### What is needed
Starting with the first line of the material, reproduce exactly each line up to and including the one that contains "会上,学生处副处长何振华宣读", leaving out every picture.

### Data excerpt
=-=-=

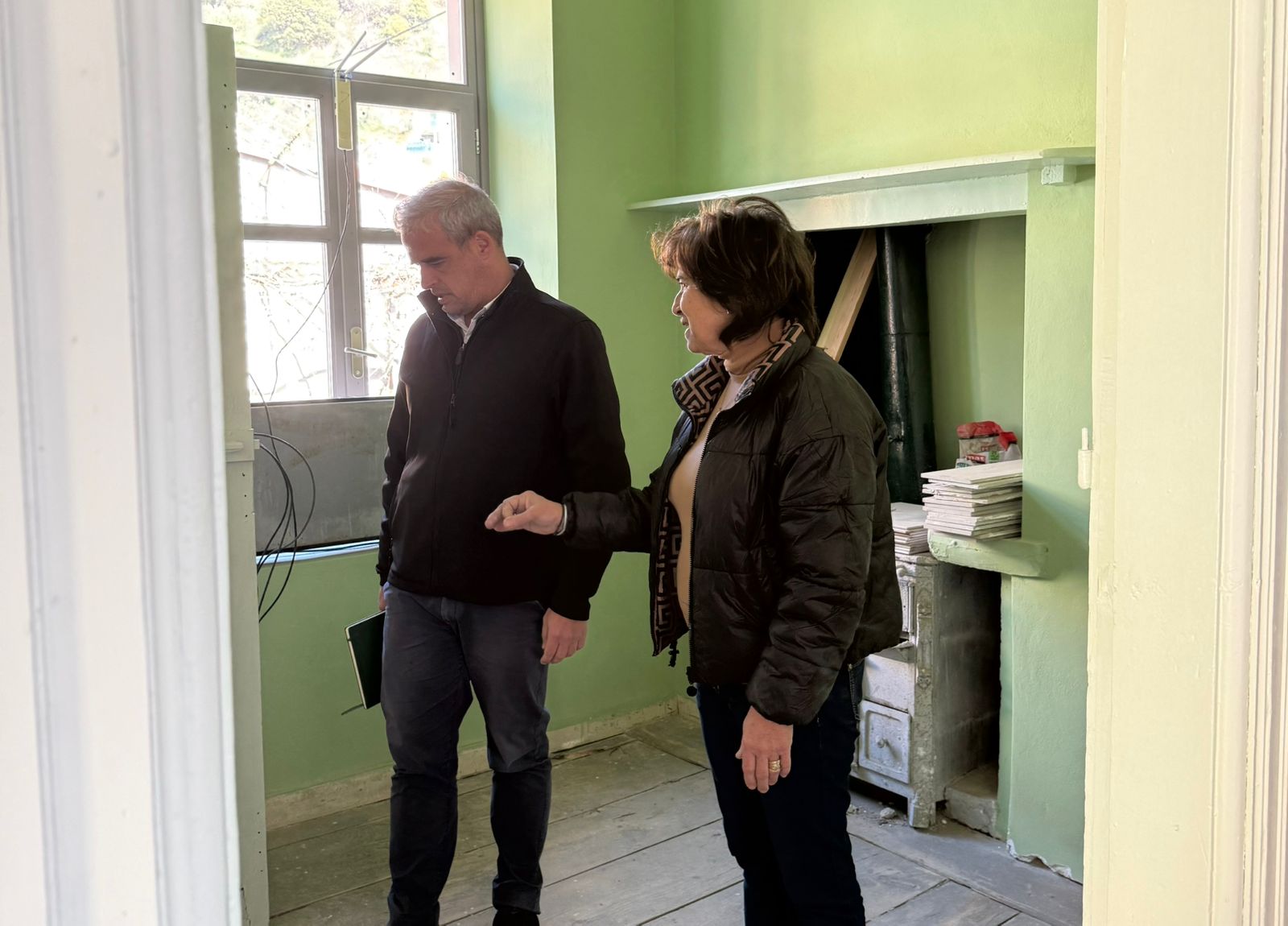Στο Παλαιοχώρι, μαζί με την Πρόεδρο Σοφία Κακλαμάνου, επισκέφτηκε το Κοινοτικό Κατάστημα του οικισμού, όπου ολοκληρώνονται οι παρεμβάσεις του Δήμου από το Τμήμα Αυτεπιστασίας στο εσωτερικό του κτιρίου, προκειμένου ο χώρος να καταστεί κατάλληλος για τη φιλοξενία των γραφείων της Δημοτικής Κοινότητας.
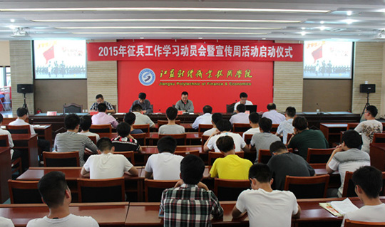 会上,学生处副处长何振华宣读了学校2015年征兵工作实施方案,并就征兵的指导思想、组织领导、宣传引导和工作分工作了详细解读。军事理论教研室主任王素舟介绍了做好征兵工作的注意事项,并就国家征兵时间、入伍基本条件、入伍程序和优惠政策作了认真讲解。我校入伍复学的13会计1班周峰同学以《从军梦 我的梦》为题,作了激动人心的发言。
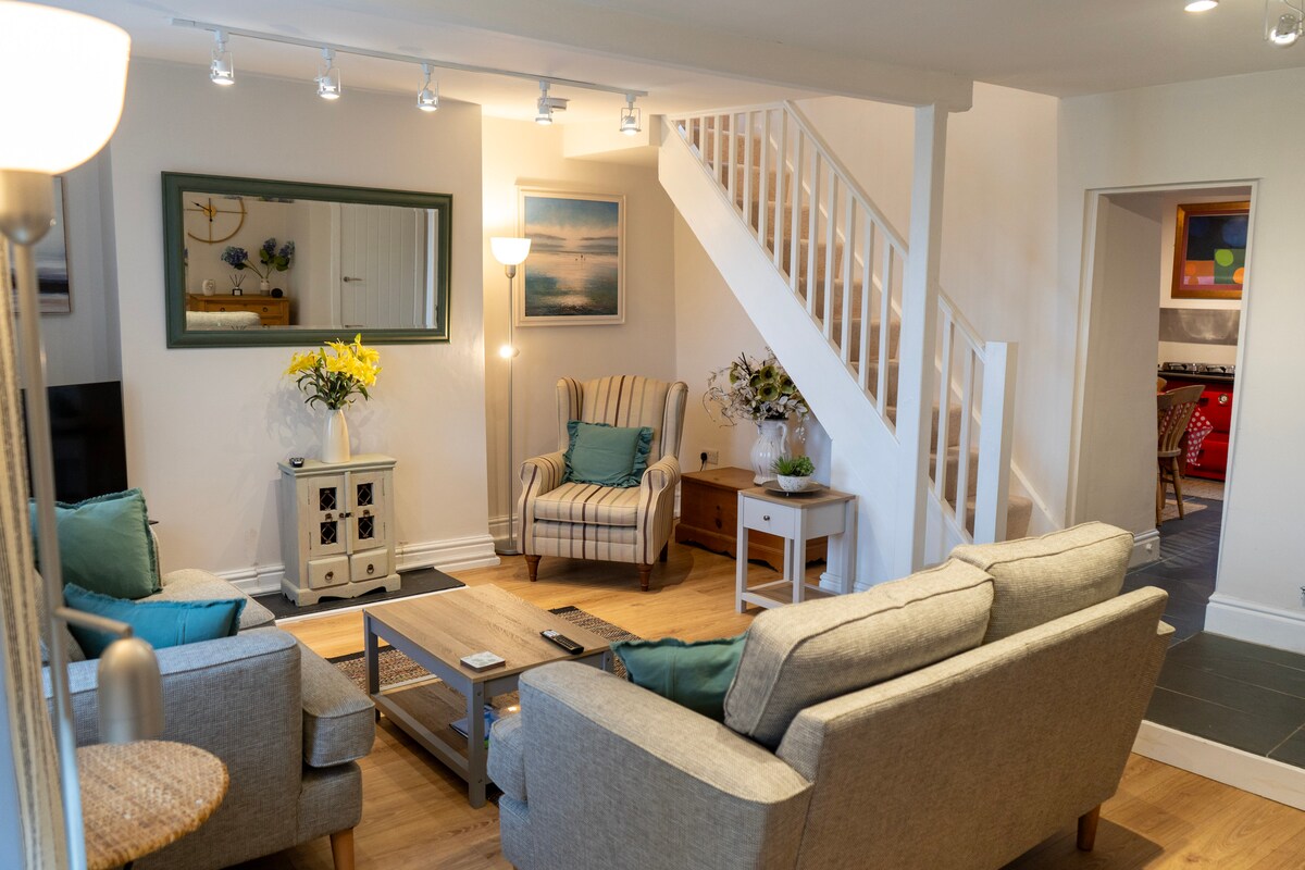 Un magnífico y espacioso departamento independiente dúplex que forma parte de una capilla convertida en el centro de Criccieth Una puerta privada y una escalera te llevan a una gran sala de estar espaciosa con una barra de esquina. El comedor de planta abierta, la larga mesa de pino, la cocina a medida ofrece una isla de desayuno, una encimera de granito y electrodomésticos Smeg. Una escalera de caracol conduce a dos dormitorios. Tres dormitorios más están ubicados junto a la sala de estar, la playa y el castillo de Criccieth están a dos minutos a pie.

=-=-=

### Response to the exercise
Στο Παλαιοχώρι, μαζί με την Πρόεδρο Σοφία Κακλαμάνου, επισκέφτηκε το Κοινοτικό Κατάστημα του οικισμού, όπου ολοκληρώνονται οι παρεμβάσεις του Δήμου από το Τμήμα Αυτεπιστασίας στο εσωτερικό του κτιρίου, προκειμένου ο χώρος να καταστεί κατάλληλος για τη φιλοξενία των γραφείων της Δημοτικής Κοινότητας.
 会上,学生处副处长何振华宣读了学校2015年征兵工作实施方案,并就征兵的指导思想、组织领导、宣传引导和工作分工作了详细解读。军事理论教研室主任王素舟介绍了做好征兵工作的注意事项,并就国家征兵时间、入伍基本条件、入伍程序和优惠政策作了认真讲解。我校入伍复学的13会计1班周峰同学以《从军梦 我的梦》为题,作了激动人心的发言。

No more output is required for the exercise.